::: Study material

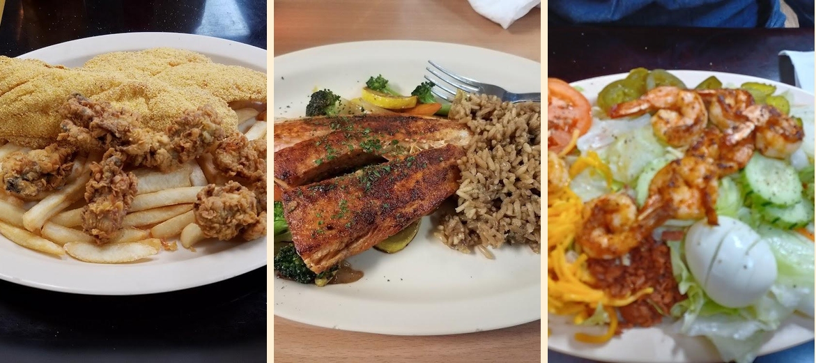 Popular seafood dishes include the Crawfish Etouffee and the Fried Seafood Platters. Both showcase local flavors and seafood.
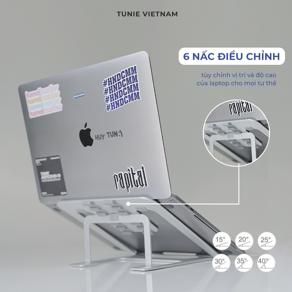 Giá đỡ laptop Tunie - gấp gọn, tản nhiệt, có thể điều chỉnh độ cao, chống mỏi cổ
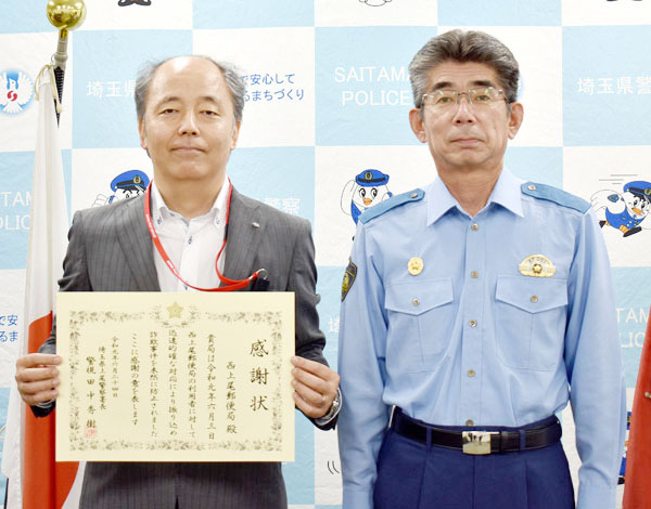 女性の様子から疑う「200万円引き出したい」 郵便局員が通報、詐欺から女性守る 上尾署が感謝状 2019/06/28/00:00 田中秀樹署長(右)から感謝状を贈られた小沢拓也さん この写真の記事に戻る
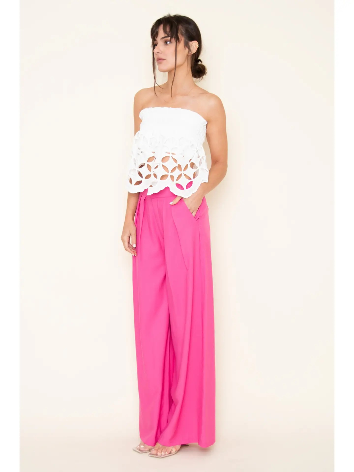 Add a touch of elegance to any outfit with the India Eyelet Top. This tube top features a smocked bandeau design and ruffle hem for a flattering and feminine look. The geometric and abstract embroidered eyelet sheer midsection adds a unique touch to this versatile piece. Perfect for any occasion, from a day out to a night on the town.
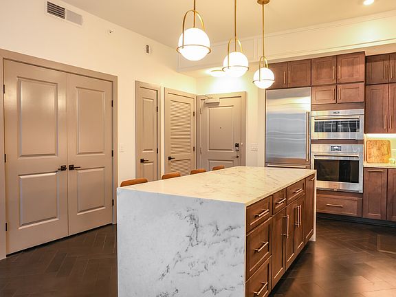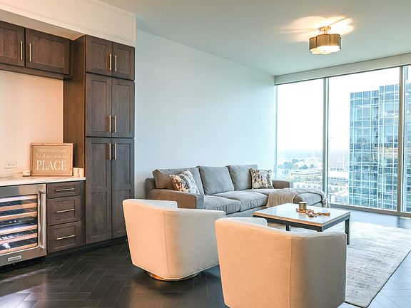 Indulge in urban luxury at The Residences At Broadwest, Nashville's premier highrise community! This 1 Bed/1 Bath + balcony unit offers a seamless blend of elegance and convenience, featuring 2 secure parking spaces. The chef's kitchen boasts a Wolf gas cooktop, SubZero fridge, marble counters/backsplash, waterfall island, wet bar, and wine fridge. The open floor plan and expansive floor-to-ceiling windows enhance the downtown living experience, making it perfect for entertaining. The master suite impresses with a marble-adorned en-suite, walk-in shower, and closet. Enjoy a wealth of amenities, including a fitness center, steam and sauna, golf simulator, billiards room, library, rooftop pool and grill, and more. Residents can access hotel services by Conrad and benefit from the community's proximity to Nashville's top restaurants and venues. Elevate your lifestyle in this chic urban retreat at The Residences At Broadwest!
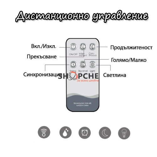 3 режима - 1 час/ 3 часа/ 6 часа/ постоянен режим на работа.

::::::

### Problem requirements
Return only the part above that opens with the line containing "Giá đỡ laptop" and closes with the line containing "Add a touch", exactly and with both ends, skipping the pictures.

### Task output
 Giá đỡ laptop Tunie - gấp gọn, tản nhiệt, có thể điều chỉnh độ cao, chống mỏi cổ
 女性の様子から疑う「200万円引き出したい」 郵便局員が通報、詐欺から女性守る 上尾署が感謝状 2019/06/28/00:00 田中秀樹署長(右)から感謝状を贈られた小沢拓也さん この写真の記事に戻る
 Add a touch of elegance to any outfit with the India Eyelet Top. This tube top features a smocked bandeau design and ruffle hem for a flattering and feminine look. The geometric and abstract embroidered eyelet sheer midsection adds a unique touch to this versatile piece. Perfect for any occasion, from a day out to a night on the town.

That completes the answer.